§ Assignment
Transcribe exactly the lines from the one containing "Advertised rents for" through the end of the data, both included. Leave out pictures.

§ Dataset entries
========
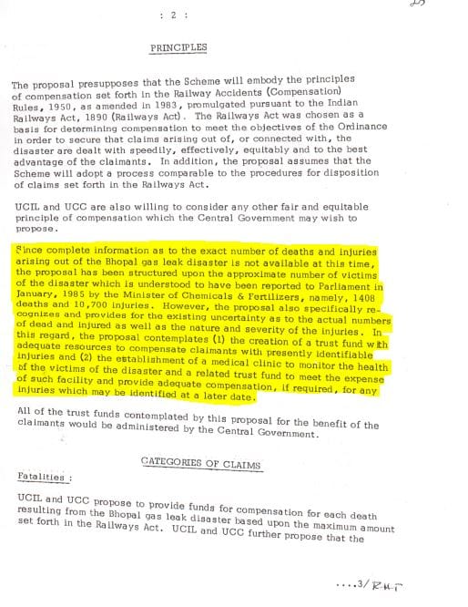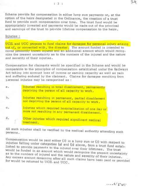 A document marked “Top Secret” shows that Union Carbide was proposing a settlement within three months of the disaster. It shows that the Ministry of Chemicals and Fertilisers had met with Rolf Towe, the vice-president of Union Carbide, and together had drawn up different categories for compensation. Union Carbide offered a payment of Rs 1 lakh for each death, and six years later this was the amount the government paid the Bhopal victims. Another shocking category is that of “temporary injury” — unbelievable because nobody can be temporarily injured because of a lethal gas. 94% of victims with permanent injuries were assigned to this category, and paid the minimum amount of Rs 25,000.
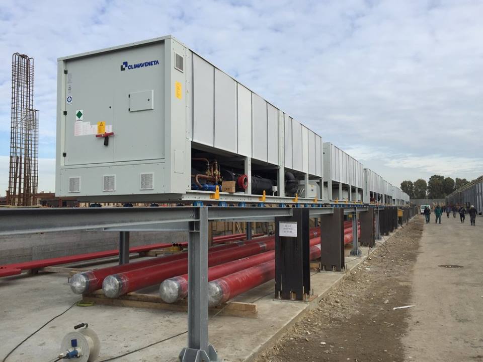 Gli impianti di refrigerazione, basati su unità Climaveneta, sono a basso impatto energetico, realizzati con sistemi di free-cooling centralizzato e geocooling. Nel dettaglio i gruppi frigo selezionati sono 3 TECS2/SL-CA-S 0913 e 5 i-FX(1+i)/CA-S 4202 / NR, per una potenza frigorifera totale di 7800 kW.
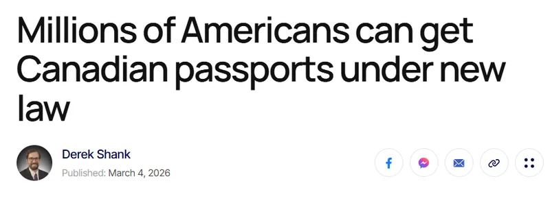根据加拿大最新生效的公民立法,数百万美国公民如今可能具备申请加拿大公民身份的资格,并可进一步申请加拿大护照。
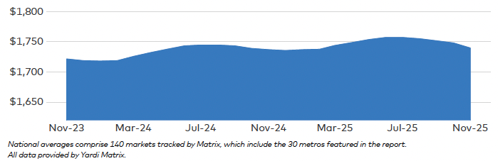 Advertised rents for multifamily apartments dropped $8 in November to $1,740, marking the fourth straight month of declines. That’s a $17 haircut from the summer high. YOY was still positive, but growth scraped by at 0.2%—the lowest growth since Q1 2021, when post-pandemic stagnation set in.
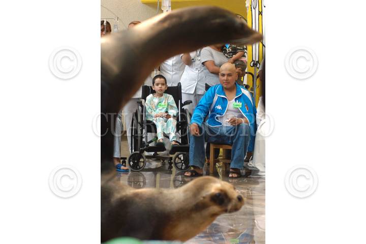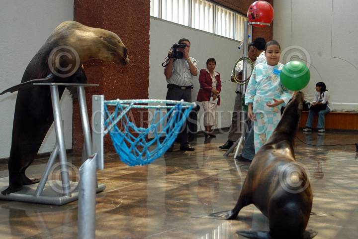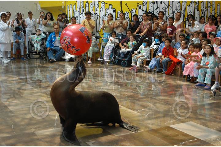 MEXICO D.F. 09MAYO2006.- Se presento un espectáculo de focas en la recepción del Hospital Infantil de México Federico Gómez para divertir a los pacientes internados. Durante varios minutos los niños olvidaron sus padecimientos. Esta actividad ayuda a una pronta recuperación de los pacientes. FOTO: Germán Romero/CUARTOSCURO.COM
========
§ Exercise solution
 Advertised rents for multifamily apartments dropped $8 in November to $1,740, marking the fourth straight month of declines. That’s a $17 haircut from the summer high. YOY was still positive, but growth scraped by at 0.2%—the lowest growth since Q1 2021, when post-pandemic stagnation set in.
 MEXICO D.F. 09MAYO2006.- Se presento un espectáculo de focas en la recepción del Hospital Infantil de México Federico Gómez para divertir a los pacientes internados. Durante varios minutos los niños olvidaron sus padecimientos. Esta actividad ayuda a una pronta recuperación de los pacientes. FOTO: Germán Romero/CUARTOSCURO.COM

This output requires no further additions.